Marshall County’s personnel board presented a request that the commission authorize a request for proposals and fund a comprehensive countywide pay study. The personnel representative (Christie Kelly) said the last study concluded in 2020 and that market changes — including a 26–27% increase in the consumer price index since 2019 — have changed the local labor market. She told commissioners the county’s unemployment rate is low (about 2.4%), making recruitment and retention more difficult and creating potential pay compression between recent hires and longer‑tenured staff.
Christie outlined the pay‑study approach: hire an independent compensation consultant to benchmark peer counties and private‑sector comparators, review job classifications and internal equity, involve personnel management and supervisors, ensure transparency and provide options for conservative budgeting.

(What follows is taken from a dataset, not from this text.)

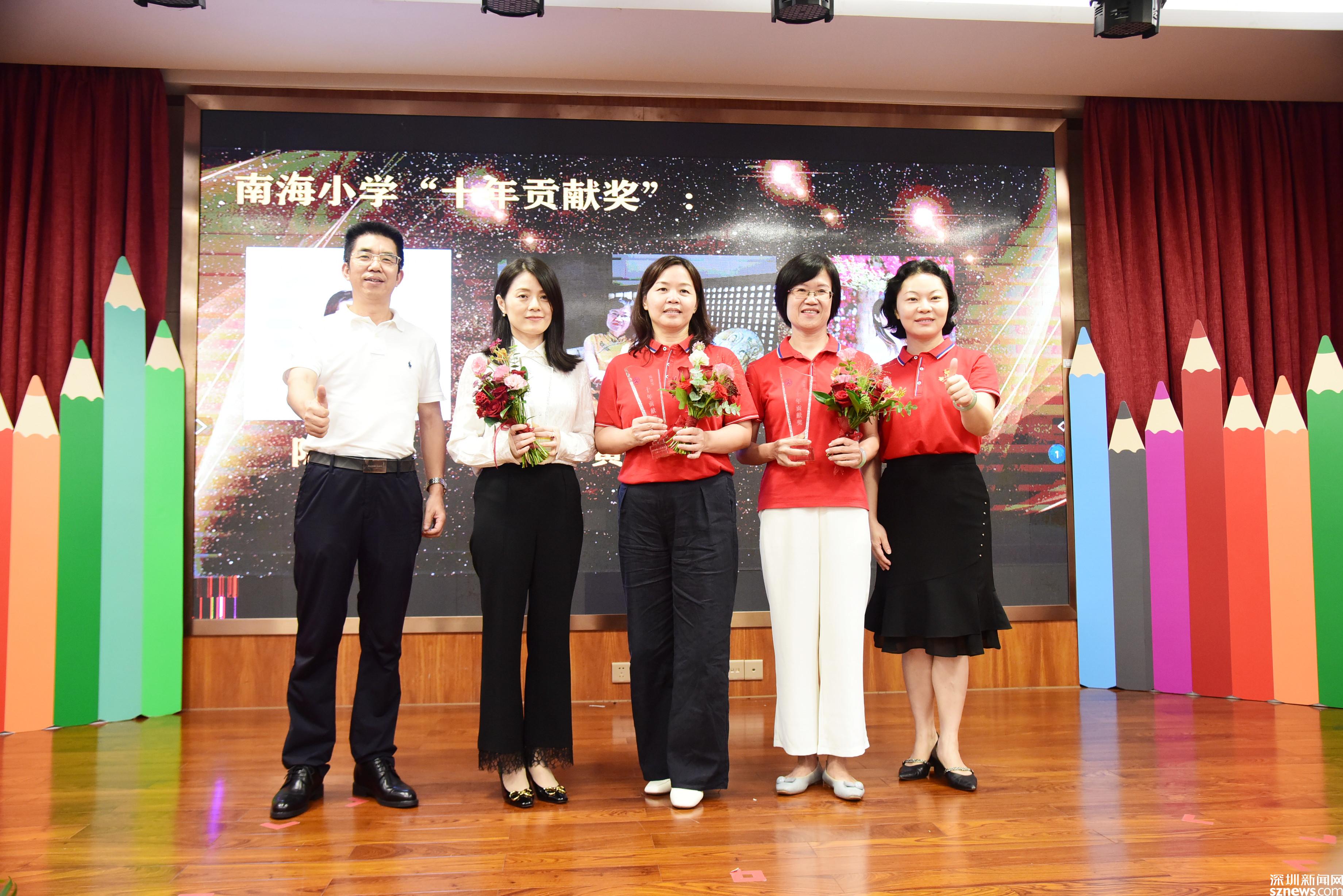 大會(huì)頒發(fā)了南海小學(xué)“十年貢獻(xiàn)獎(jiǎng)”、南海小學(xué)特別貢獻(xiàn)獎(jiǎng)、教學(xué)質(zhì)量獎(jiǎng),也對(duì)南山區(qū)優(yōu)秀教師、南山區(qū)優(yōu)秀班主任、入圍南山區(qū)2021“年度教師”決賽教師等進(jìn)行了表彰。入圍南山區(qū)2021“年度教師”決賽的李艷老師、青年教師代表方子玉老師上臺(tái)分享了她們的教育教學(xué)經(jīng)驗(yàn)與成長(zhǎng)心路歷程,李艷老師說:“我不僅僅是一名英語教師,更是孩子們的夢(mèng)想合伙人!”方子玉老師說:“南山就是一塊永遠(yuǎn)充滿學(xué)習(xí)熱情的沃土,南海更是一所不斷為青年教師搭建學(xué)習(xí)平臺(tái)的寶藏學(xué)校?!?/p>

She said the prior vendor, Evergreen Solutions, cost about $36,000 for the earlier study. The personnel board asked the commission to approve issuing an RFP and to allocate funds so the study can proceed; commissioners approved the personnel board’s request and accepted the related resolution on the record.
Commissioners asked that the study account for positions that compete directly with the private sector (for example CDL drivers and trade positions) as well as peer‑county comparisons. Staff said the RFP will be written to capture those concerns and that the recruitment impact of not conducting a study includes increased turnover, overtime and training costs.
The commission recorded a motion approving the RFP request and resolution; staff will return with vendor presentations and a recommended vendor selection process if the RFP proceeds.